CheatsheetMatplotlib
Matplotlib is a Python data visualization library used to create high-quality static, animated, and interactive visualizations in Python. It is one of the most widely used libraries for data visualization in Python and provides a variety of tools for creating a wide range of visualizations such as line plots, scatter plots, bar plots, histograms, and more. Matplotlib allows users to create publication-quality visualizations with a minimal amount of code, and also provides a great deal of customization options for more advanced users. The library is highly extensible and can be integrated with other Python libraries, making it a powerful tool for data visualization and analysis.
Basic Usage
Import
import matplotlib.pyplot as plt
Simple Example
The following example shows how to plot a simple sine wave using numpy and matplotlib.
import numpy as np
import matplotlib.pyplot as plt
fs = 0.01 # sampling frequency
n = np.arange(100) # create and array with evenly spaced values within [0, 100) with step 1
t = n/fs
x = np.sin(2*np.pi*5*t)
plt.plot(t, x)
plt.xlabel('time [s]')
plt.show()
You can superpose multiple plots by calling plot several times.
import numpy as np
import matplotlib.pyplot as plt
fs = 0.01 # sampling frequency
n = np.arange(100) # create and array with evenly spaced values within [0, 100) with step 1
t = n/fs
x1 = np.sin(2*np.pi*5*t)
x2 = np.cos(2*np.pi*5*t)
plt.plot(t, x1, label="sin")
plt.plot(t, x2, label="cos")
plt.xlabel('time [s]')
plt.legend() # add a legend
plt.show()
Copy & Paste Plots
Analysis of LTI systems
Poles and Zeros Diagram
import matplotlib.pyplot as plt
from scipy.signal import lti
# create data
sys = lti([-0.5, 1], [1, 1, 1])
poles = sys.poles
zeros = sys.zeros
# create plot
plt.plot(poles.real, poles.imag, "x", label="poles")

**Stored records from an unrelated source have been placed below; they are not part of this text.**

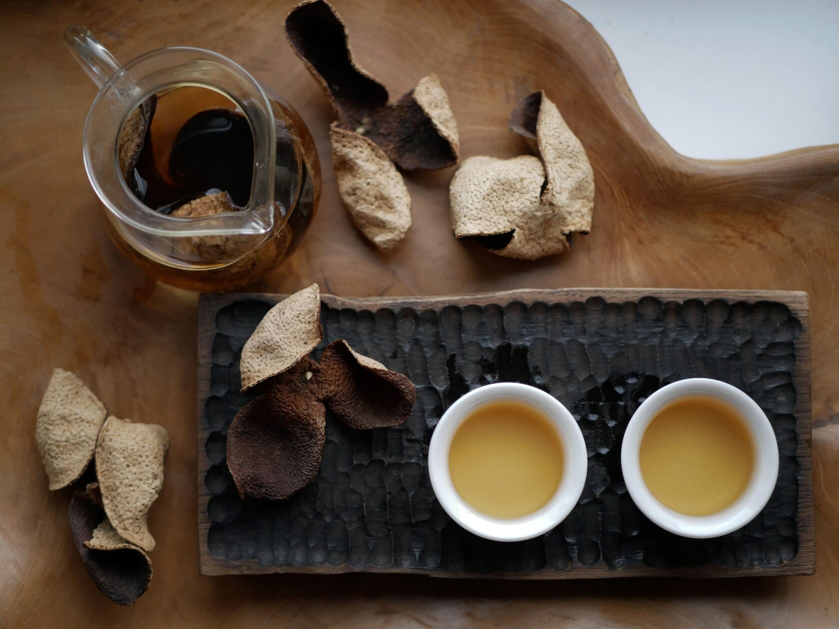 Для начала стоит обратить внимание на вкусоароматические качества выдержанной кожуры. Это сложный, многогранный аромат с большим количеством дескрипторов: первые годы аромат насыщенный, цитрусово-фруктовый, в дальнейшем он углубляется, начинают добавляться «третичные» тона выдержки– кожа, сургуч, гуашь, старое дерево, лекарственных трав и потухших благовоний. При этом во вкусе остаются благородные цитрусовые тона, оттеняемые перечной остринкой и долгим горько-сладким послевкусием, остающимся во рту ещё надолго.
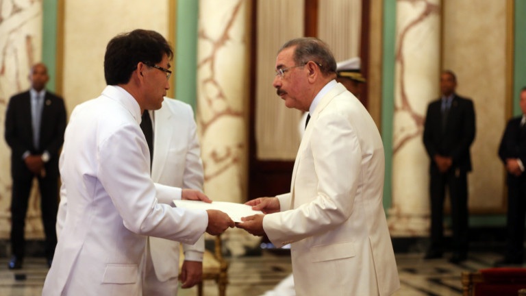 Presidente de la República, Danilo Medina Sánchez mientras recibe del señor Oh Han-Gu, embajador de la República de Corea, sus credenciales que le acreditan como nuevo embajador en el pais, durante acto protocolar efectuado hoy en el Salón de Embajadores del Palacio Nacional.
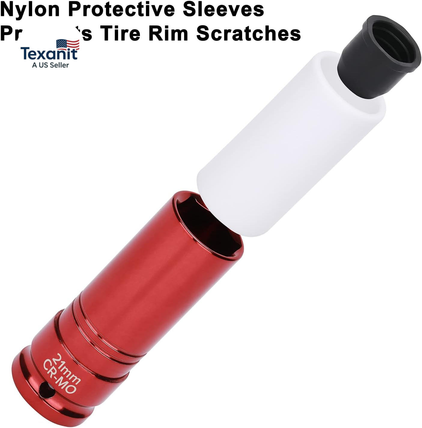 Nylon sleeves and rubber insert can protect the tire rim and lug nuts from scratches.
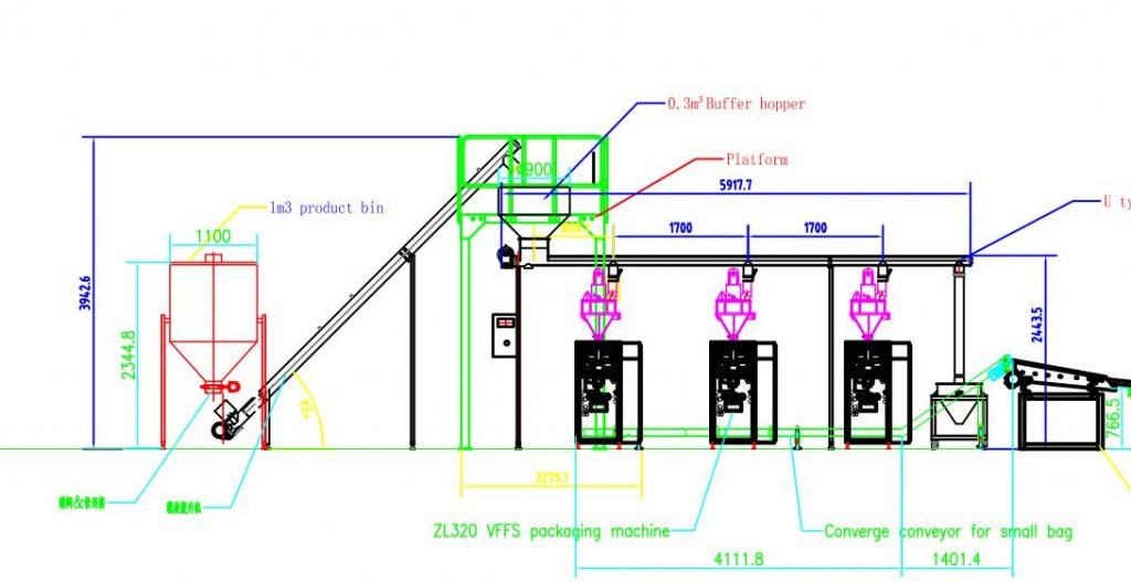 1, Samll-Beutel, der Füllverpackungsmaschine bildet. Dieser Teil umfasst den Rohstofftrichter, die Neigungsschnecken-Zuführmaschine. Mittlerer Puffertrichter und horizontale Zuführschnecke, um den gesamten Rohstoff an 6 Sätze Schneckenmessmaschine zu senden

plt.plot(zeros.real, zeros.imag, "o", label="zeros")
# update axes (name / type) / add legend
plt.xlabel("Real Part")
plt.ylabel("Imag Part")
plt.legend()
plt.show()
Time response
import matplotlib.pyplot as plt
from scipy.signal import lti
# create data
sys = lti([1], [1, 1])
t, s = sys.step()
# create plot
plt.plot(t, s)
# update axes (name / type) / add legend
plt.xlabel("time [s]")
plt.ylabel("response")
plt.show()
Bode Plot
import matplotlib.pyplot as plt
import numpy as np
from scipy.signal import lti
# create data
sys = lti([1], [1, 1])
w,Hjw = sys.freqresp()
module = np.abs(Hjw)
phase = 180*np.angle(Hjw)/np.pi #convert radian to degree
# create plot
plt.subplot(2,1,1)
plt.loglog(w, module)
plt.ylabel("Magnitude")
plt.grid()
plt.subplot(2,1,2)
plt.semilogx(w, phase)
# update axes (name / type), grid
plt.ylabel("Phase [deg]")
plt.xlabel("w [rad/s]")
plt.grid()
plt.show()